[Collected data]
****************************************

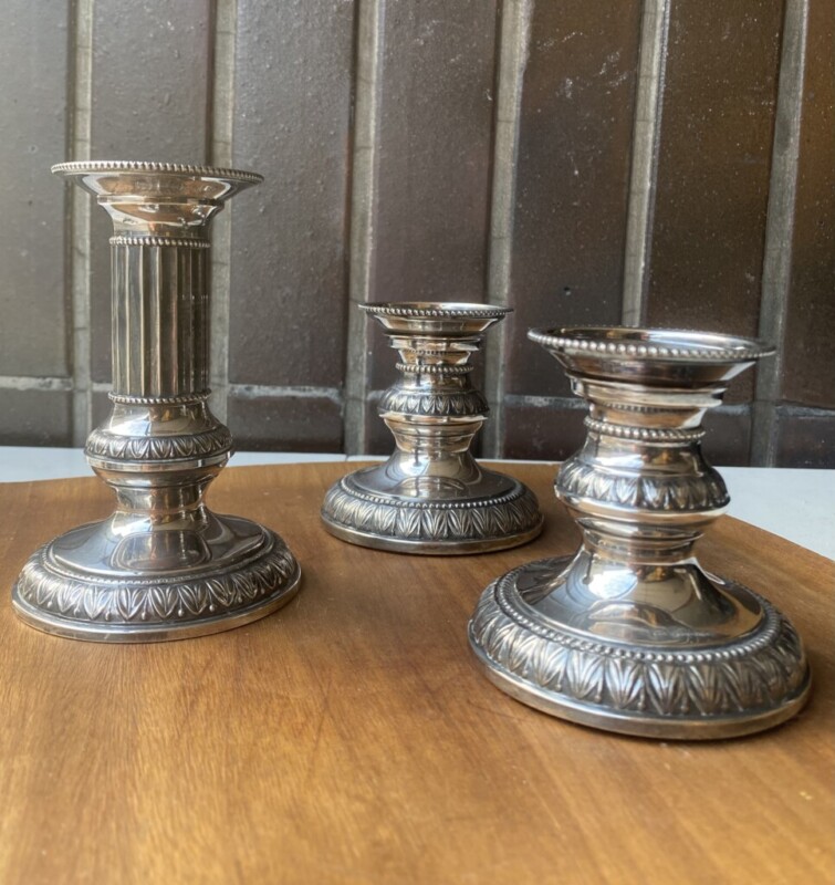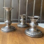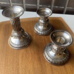 Kynttilänjalat 3 kpl, kotimaista 813 & 830-leimattua hopeaa Mitat: K.7 - 12cm Pienempi pari 160,00 €/yht Korkea 1 kpl 90,00... Lue lisää
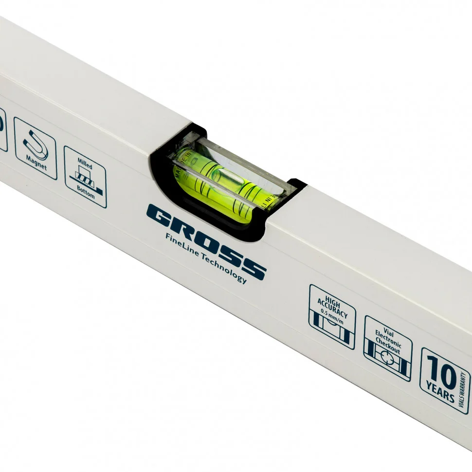Фрезерованный алюминиевый уровень Gross 33672 длиной 800 мм, магнитный, с 3 глазками, станет незаменимым инструментом в быту и на строительной площадке. С его помощью выявляются погрешности измерений, отклонения от заданной вертикали и горизонтали.Для определения отклонения вертикали 90 градусов необходимо использовать пузырьковую ампулу только в верхнем положении уровня. Только базовая поверхность является рабочей (противоположная ампуле 180 градусов).ПреимуществаКонструкционную прочность инструмента гарантирует алюминиевый профиль и пузырьковые камеры с двойными стенками.Благодаря магнитам строительный уровень можно зафиксировать на металлических поверхностях.Для снижения погрешности проводимых измерений до 0,5 мм/м магнитный уровень фрезерован.Инструмент изготовлен в Италии и прошел поэтапную проверку качества.Электронный контроль точности при установке пузырьковых ампул обеспечивает высокую эффективность работы.
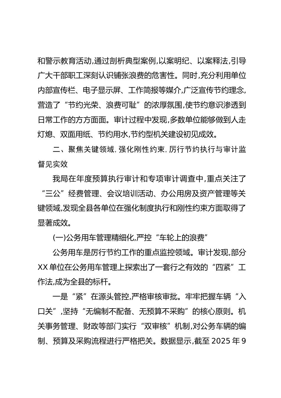 XX縣審計(jì)局關(guān)于2025年度黨政機(jī)關(guān)厲行節(jié)約工作開展情況的匯報(bào)(精品)
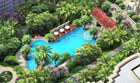 森林花園, 是通過創造性的平面布局和獨具匠心的外觀設計,將所有建筑外墻墻面都100%充分利用,全部建成空中綠化平臺,并全部種植上花草樹木,從而使整個建筑外墻都被花草樹木所覆蓋。
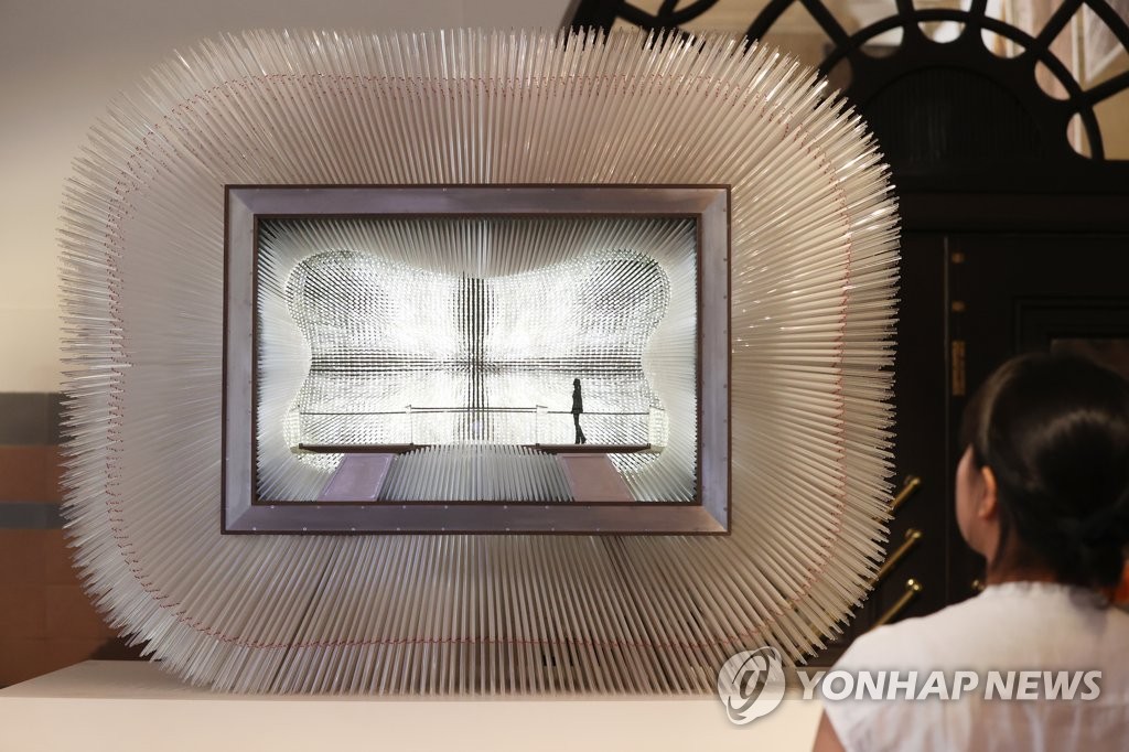 ▲ 서울에서 만나는 헤더윅 스튜디오 프로젝트 (서울=연합뉴스) 강민지 기자 = 28일 오전 서울 중구 문화역 서울 284에서 '헤더윅 스튜디오:감성을 빚다' 전시 간담회 참석자가 작품을 둘러보고 있다. 2023.6.28 mjkang@yna.co.kr

****************************************

== Problem details ==
Reproduce exactly the lines above that run from the one with "Фрезерованный алюминиевый уровень" to the one with "XX縣審計(jì)局關(gu", both included, leaving pictures out.

== Written solution ==
Фрезерованный алюминиевый уровень Gross 33672 длиной 800 мм, магнитный, с 3 глазками, станет незаменимым инструментом в быту и на строительной площадке. С его помощью выявляются погрешности измерений, отклонения от заданной вертикали и горизонтали.Для определения отклонения вертикали 90 градусов необходимо использовать пузырьковую ампулу только в верхнем положении уровня. Только базовая поверхность является рабочей (противоположная ампуле 180 градусов).ПреимуществаКонструкционную прочность инструмента гарантирует алюминиевый профиль и пузырьковые камеры с двойными стенками.Благодаря магнитам строительный уровень можно зафиксировать на металлических поверхностях.Для снижения погрешности проводимых измерений до 0,5 мм/м магнитный уровень фрезерован.Инструмент изготовлен в Италии и прошел поэтапную проверку качества.Электронный контроль точности при установке пузырьковых ампул обеспечивает высокую эффективность работы.
 XX縣審計(jì)局關(guān)于2025年度黨政機(jī)關(guān)厲行節(jié)約工作開展情況的匯報(bào)(精品)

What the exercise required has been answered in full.